_Collection entries_
====

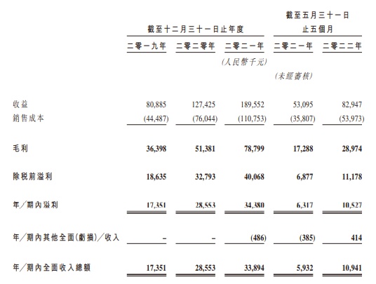 财务方面,于往绩记录期间,Howkingtech不断改善财务表现。公司收益由2019 年的人民币8088.5万元增加至2021年的人民币1.9亿元,复合年增长率为53.1%。公司收益由截至2021年5月31日止五个月的人民币5309.5万元进一步增加56.2%至2022年同期的人民币8294.7万元。公司纯利由2019年的人民币1735.1万元增加至2021年的人民币3438万元,复合年增长率为40.8%。公司纯利由截至2021年5月31日止五个月的人民币631.7万元进一步增加66.6%至2022年同期的人民币1052.7万元。
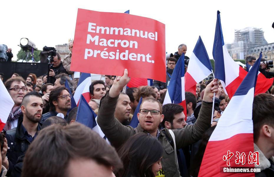 巴黎時間5月7日晚,法國總統(tǒng)選舉第二輪投票初步計票結(jié)果顯示,中間派獨立候選人、“前進”運動領(lǐng)導(dǎo)人埃馬紐埃爾·馬克龍以大幅優(yōu)勢擊敗極右翼政黨“國民陣線”候選人馬麗娜·勒龐。年僅39歲的馬克龍由此成為法國史上最年輕的總統(tǒng),也成為世界上最年輕的大國領(lǐng)導(dǎo)人。圖為馬克龍的支持者在得知馬克龍當(dāng)選后歡呼。中新社記者 龍劍武 攝
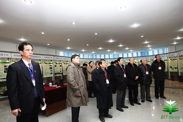 北理工科学技术研究院常务副院长陈杰为评估专家组成员介绍了学校近年来瞄准国家重大科技工程,开展科学研究及取得成果的情况。专家们在展板前驻足参观,并不时对学校重大科研项目中研究生参与情况等感兴趣的内容进行了询问。
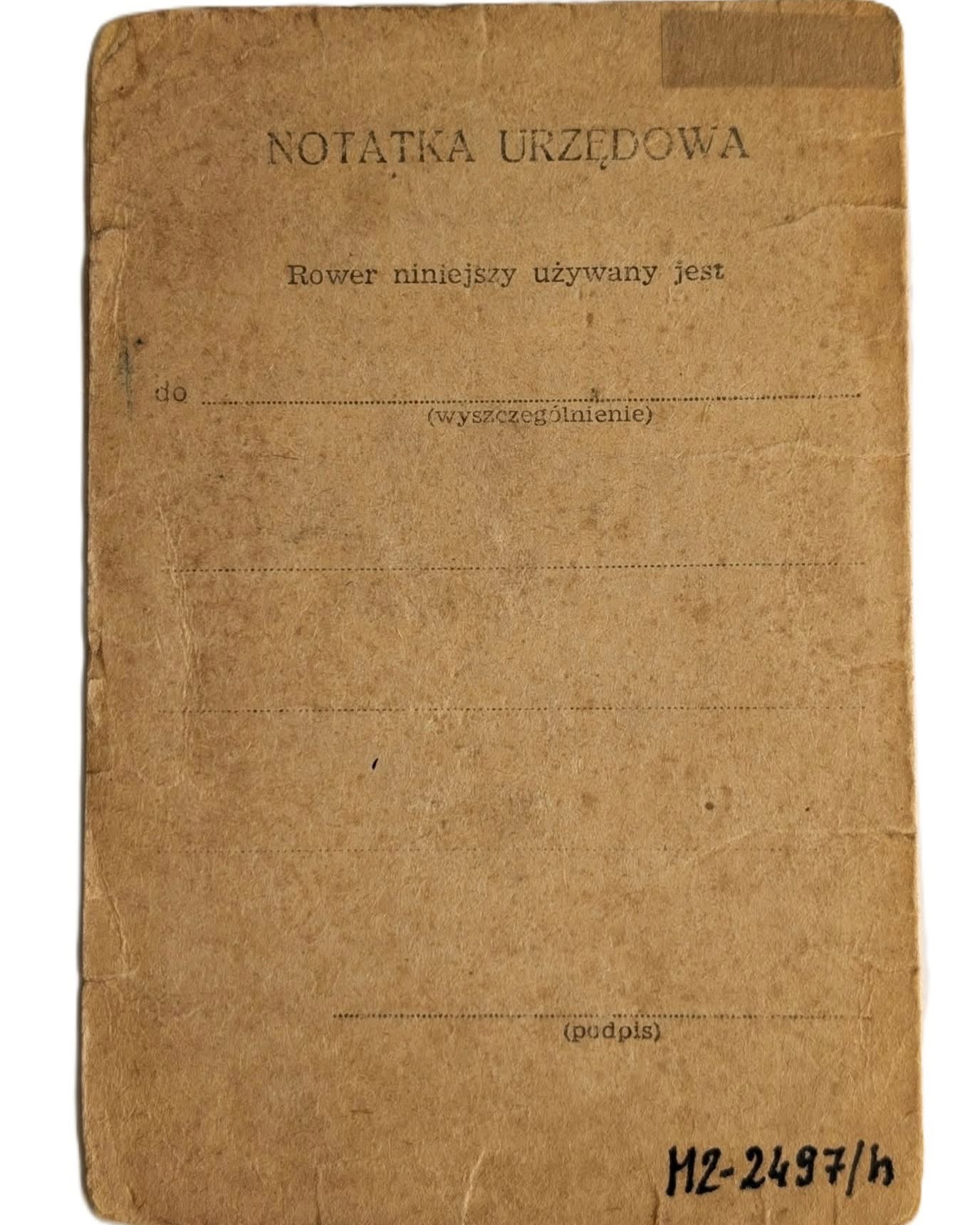Dokument dotyczy roweru marki Bauer o numerze ramy 0833918 i – co dziś może wydawać się wręcz nieprawdopodobne – posiadał określony termin ważności. Uprawniał właściciela do poruszania się po drogach publicznych jedynie do 31 grudnia 1950 roku.
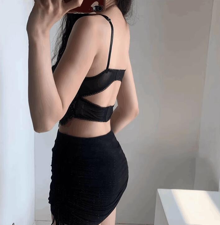 Sexy lingerie sexy steel support gathered front chest temptation lace sling backless pajamas
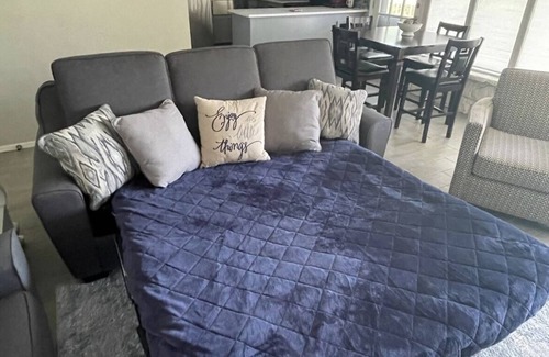 This fully furnished cozy cabin located on a large corner lot is the perfect place for a family awaiting a peaceful lake getaway. Kitchen is fully stocked for preparing meals from slow cooked that are ready when you get back from a long day on the water to grilling up burgers and hotdogs with all the sides. Just minutes away from Arrowhead state park offering golf course, hiking trails, swim beach and Area 51 marina. Only 9 miles from downtown Eufaula with small town shopping and dining.
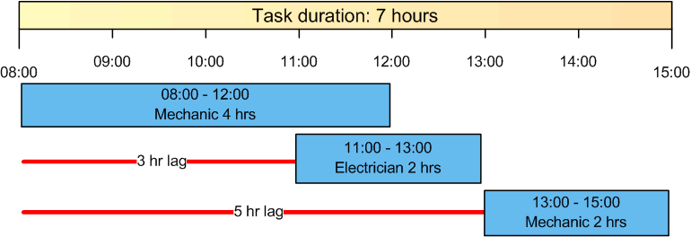 Resource demand lags allow you to delay the planned start time of an individual requirement (such as a trade, service, or tool) as it relates to the task’s planned start date. For example, you could enter a trade requirement for an electrician, and set it to start two hours after the task is planned to start.Requirements that Support Lags

====

_TASK DESCRIPTION_
The records above should be reproduced exactly, with no pictures included.

_ANSWER_
 财务方面,于往绩记录期间,Howkingtech不断改善财务表现。公司收益由2019 年的人民币8088.5万元增加至2021年的人民币1.9亿元,复合年增长率为53.1%。公司收益由截至2021年5月31日止五个月的人民币5309.5万元进一步增加56.2%至2022年同期的人民币8294.7万元。公司纯利由2019年的人民币1735.1万元增加至2021年的人民币3438万元,复合年增长率为40.8%。公司纯利由截至2021年5月31日止五个月的人民币631.7万元进一步增加66.6%至2022年同期的人民币1052.7万元。
 巴黎時間5月7日晚,法國總統(tǒng)選舉第二輪投票初步計票結(jié)果顯示,中間派獨立候選人、“前進”運動領(lǐng)導(dǎo)人埃馬紐埃爾·馬克龍以大幅優(yōu)勢擊敗極右翼政黨“國民陣線”候選人馬麗娜·勒龐。年僅39歲的馬克龍由此成為法國史上最年輕的總統(tǒng),也成為世界上最年輕的大國領(lǐng)導(dǎo)人。圖為馬克龍的支持者在得知馬克龍當(dāng)選后歡呼。中新社記者 龍劍武 攝
 北理工科学技术研究院常务副院长陈杰为评估专家组成员介绍了学校近年来瞄准国家重大科技工程,开展科学研究及取得成果的情况。专家们在展板前驻足参观,并不时对学校重大科研项目中研究生参与情况等感兴趣的内容进行了询问。
Dokument dotyczy roweru marki Bauer o numerze ramy 0833918 i – co dziś może wydawać się wręcz nieprawdopodobne – posiadał określony termin ważności. Uprawniał właściciela do poruszania się po drogach publicznych jedynie do 31 grudnia 1950 roku.
 Sexy lingerie sexy steel support gathered front chest temptation lace sling backless pajamas
 This fully furnished cozy cabin located on a large corner lot is the perfect place for a family awaiting a peaceful lake getaway. Kitchen is fully stocked for preparing meals from slow cooked that are ready when you get back from a long day on the water to grilling up burgers and hotdogs with all the sides. Just minutes away from Arrowhead state park offering golf course, hiking trails, swim beach and Area 51 marina. Only 9 miles from downtown Eufaula with small town shopping and dining.
 Resource demand lags allow you to delay the planned start time of an individual requirement (such as a trade, service, or tool) as it relates to the task’s planned start date. For example, you could enter a trade requirement for an electrician, and set it to start two hours after the task is planned to start.Requirements that Support Lags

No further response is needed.